Lever le pied et ralentir aux endroits opportuns est un acte citoyen et respectueux d'autrui. Le contraire se range dans l'égocentrisme, l'égoïsme, la grossièreté humaine, telle que celle de cet homme à Gières en Isère qui est descendu de son véhicule pour bousculer une dame invalide traversant lentement un passage piéton. Il l'a projetée à terre en l'injuriant.homéostasie,risque,route,sécurité routière,code,conductrice,taxi médical,ambulancier,anticipation,coupable,accident,handicap,décès,responsable,enfant,optimisme,réalisme,attention,conduite,grenoble,rouler,liberté,respect,piéton,moto,vélo,égoïsme,culpabilité,danger,carrefour,ralentir,freiner,anticiper,rapidité,urgence

Passer au feu rouge en rigolant face à un taxi qui traversait au feu vert et qui a été obligé de piler est un acte odieux et irresponsable, voire criminel. Pourtant, je le vis souvent à Grenoble, en tant que taxi sanitaire, obligée d'éviter les chauffards qui se croient tous seuls sur la chaussée.

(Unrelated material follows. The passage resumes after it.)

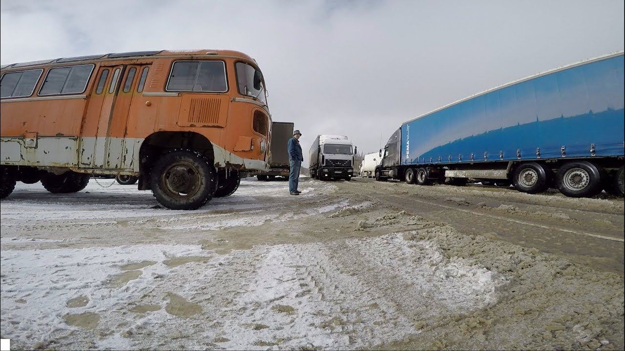 Перегон автобуса ПАЗ 3201 из Соликамска в Псков. Начало пути, стеклоочистители работают плохо, спидометр не работает, меняю трос спидометра, за мной гонятся ГАИшники, пробки на дорогах из за обильных снегопадов, потекла помпа и её ремонт.

La conduite sur la route doit être gérée par l'anticipation, par le fait de toujours avoir à l'esprit que notre véhicule est un engin de mort et que nos passagers ont aussi droit à la vie. Refuser une priorité à droite peut mener votre enfant assis à l'arrière de votre voiture à un handicap à vie. Ne pas vous arrêter à un stop peut mener un motard dans un fauteuil roulant. Ne pas tourner la tête avant de vous engager sur un carrefour dangereux peut faire que vous n'avez pas vu un vélo arriver. C'est alors qu'arrive le drame un beau matin de soleil, où le sang a mis l'enfer dans des dizaines de vies, celle de la victime décédée, celles de sa famille, la vôtre et celles de vos proches. homéostasie,risque,route,sécurité routière,code,conductrice,taxi médical,ambulancier,anticipation,coupable,accident,handicap,décès,responsable,enfant,optimisme,réalisme,attention,conduite,grenoble,rouler,liberté,respect,piéton,moto,vélo,égoïsme,culpabilité,danger,carrefour,ralentir,freiner,anticiper,rapidité,urgence

 

Chloé LAROCHE

Conductrice professionnelle, taxi et ambulancière diplômée depuis 2002.

 

Nota : si vous souhaitez lire tous mes articles concernant la Sécurité routière, cliquez à gauche de cette page sur la catégorie "Appel à la bonne conduite sur la route".

-------------   Selon Walter Bradford Cannon« l’homéostasie est l’équilibre dynamique qui nous maintient en vie ».